### Input for this task
****

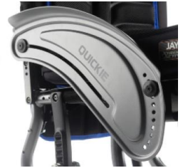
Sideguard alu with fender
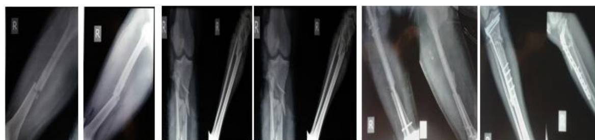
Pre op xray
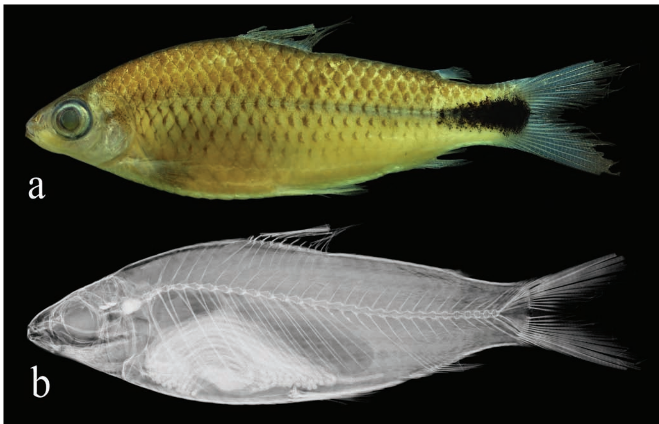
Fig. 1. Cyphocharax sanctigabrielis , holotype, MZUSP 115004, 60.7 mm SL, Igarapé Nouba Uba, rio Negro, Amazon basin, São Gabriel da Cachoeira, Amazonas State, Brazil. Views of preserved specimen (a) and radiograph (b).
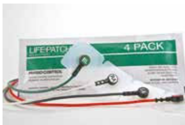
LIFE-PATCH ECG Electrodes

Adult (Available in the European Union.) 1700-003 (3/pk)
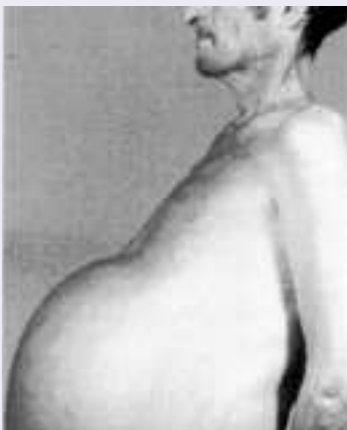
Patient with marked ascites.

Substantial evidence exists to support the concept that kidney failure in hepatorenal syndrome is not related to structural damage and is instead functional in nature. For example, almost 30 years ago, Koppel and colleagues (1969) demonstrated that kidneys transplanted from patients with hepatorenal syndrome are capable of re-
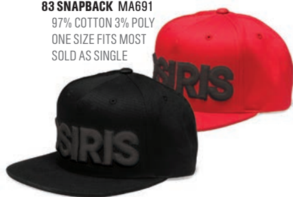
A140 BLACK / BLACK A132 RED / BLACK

****

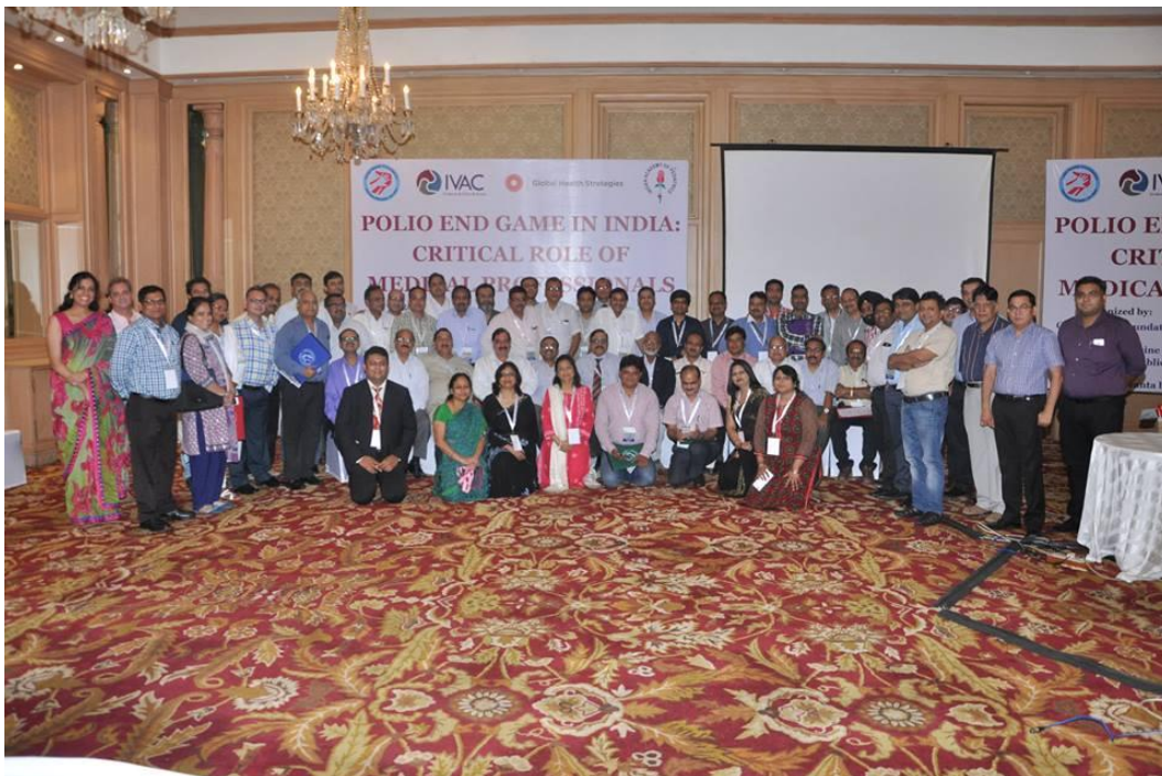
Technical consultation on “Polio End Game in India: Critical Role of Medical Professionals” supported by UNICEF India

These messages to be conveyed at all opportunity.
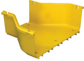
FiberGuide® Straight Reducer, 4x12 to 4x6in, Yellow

****

Above are some records. Reproduce the lines from the one with "Technical consultation on" down to the one with "FiberGuide® Straight Reducer, 4x12", keeping both, and leave every picture out.

Technical consultation on “Polio End Game in India: Critical Role of Medical Professionals” supported by UNICEF India

These messages to be conveyed at all opportunity.
FiberGuide® Straight Reducer, 4x12 to 4x6in, Yellow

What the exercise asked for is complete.